Proposition 65 Listing & Delisting

Under Proposition 65, there are several mechanisms by which a compound can be added to the list of “chemicals known to the state of California” to cause either cancer or reproductive toxicity. Compounds can be added to the list by the panels of the State’s Qualified Experts, either the Cancer Identification Committee (CIC) or the Developmental and Reproductive Toxicant Identification Committee (DART-IC). Alternatively, compounds can be added onto the Proposition 65 list administratively, either because another regulatory agency (an “Authoritative Body” such as the EPA, FDA, NTP, IARC or NIOSH) has classified the compound as a carcinogen or reproductive toxicant, or the compound triggers warnings of product labels.

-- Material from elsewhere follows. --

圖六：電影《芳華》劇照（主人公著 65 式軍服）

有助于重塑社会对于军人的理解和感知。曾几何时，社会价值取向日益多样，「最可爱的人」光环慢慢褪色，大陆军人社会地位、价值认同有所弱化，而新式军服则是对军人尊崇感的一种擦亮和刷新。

These administrative listing mechanisms avoid the State Qualified Experts and utilize the decision making authority of the state’s lead agency, the Office of Environmental Health Hazard Assessment (OEHHA). All of these complex listing procedures require input and persuasion from the public and can be influenced with relevant scientific documents and comments.

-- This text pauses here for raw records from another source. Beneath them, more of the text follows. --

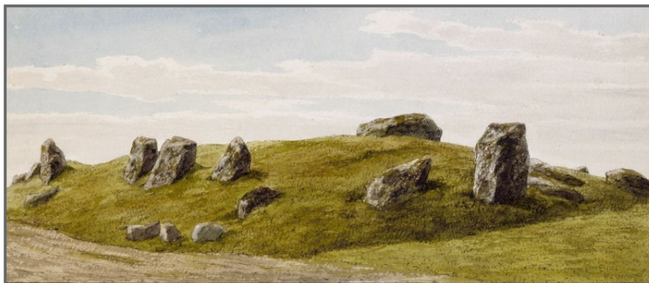
Akvarel af Lammedyssen, malet af A.P. Madsen ca. 1900. Her står den store bæresten stadig tydeligt i højre side af billedet.

Alle lokale borgere i Ågerup – og sikkert også mange andre, som bor i Roskilde området - kender til genforeningsstenen, som i dag er placeret ved Ågerup Bibliotek. Men historien bag den 5 tons store kampesten er der sikkert kun få, der har kendskab til, og stenen har haft en noget omskiftelig placering i lokalområdet.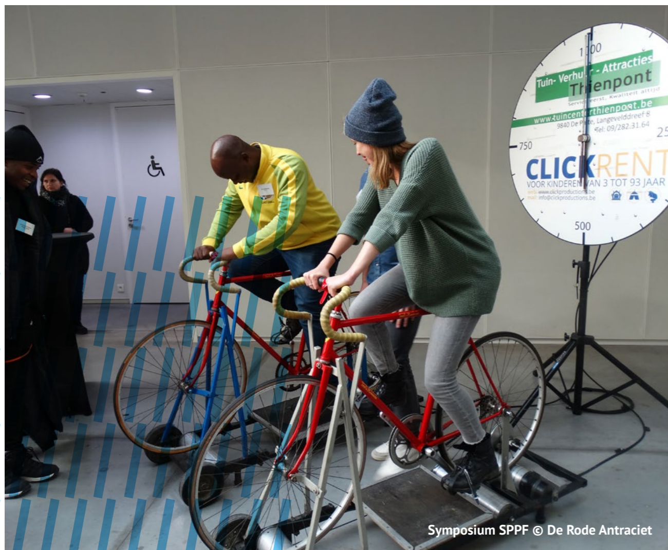
Symposium SPPF

Gino: Mensen hebben vaak een verkeerd beeld van zo'n buitenlandse ontmoetingen, want dat is eigenlijk vooral heel hard werken. En na die twee of drie dagen ben je ook echt kapot. Er passeert heel veel op korte tijd en partners grijpen zo'n gelegenheid aan om hun bekommernissen te delen, terwijl wij als trekkers vooral verder willen.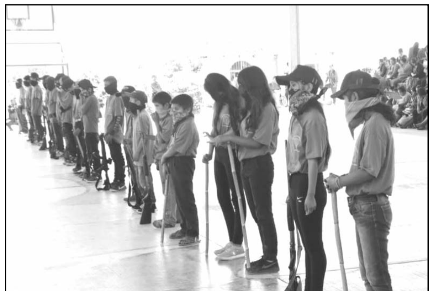
Los menores sólo realizarán tareas de vigilancia en la comunidad.

It is crucial to avoid “listing” under Proposition 65 if possible. However, a compound that has been added to the Proposition 65 list can be removed, but only under conditions established in regulation, and only if OEHHA officials are convinced these conditions have been met. The process required for delisting is complex, multi-staged, and time consuming, but worth the effort if the intended goal is met. TSG is one of the few consulting firms whose consultants have extensive experience on projects involving both proposed listing and efforts to delist compounds under Proposition 65. TSG’s expertise in coordinating efforts to keep compounds off the Proposition 65 list or, if already listed, overseeing the procedures required to have these compounds removed, provides a unique advantage to companies trying to resolve Proposition 65 listing issues.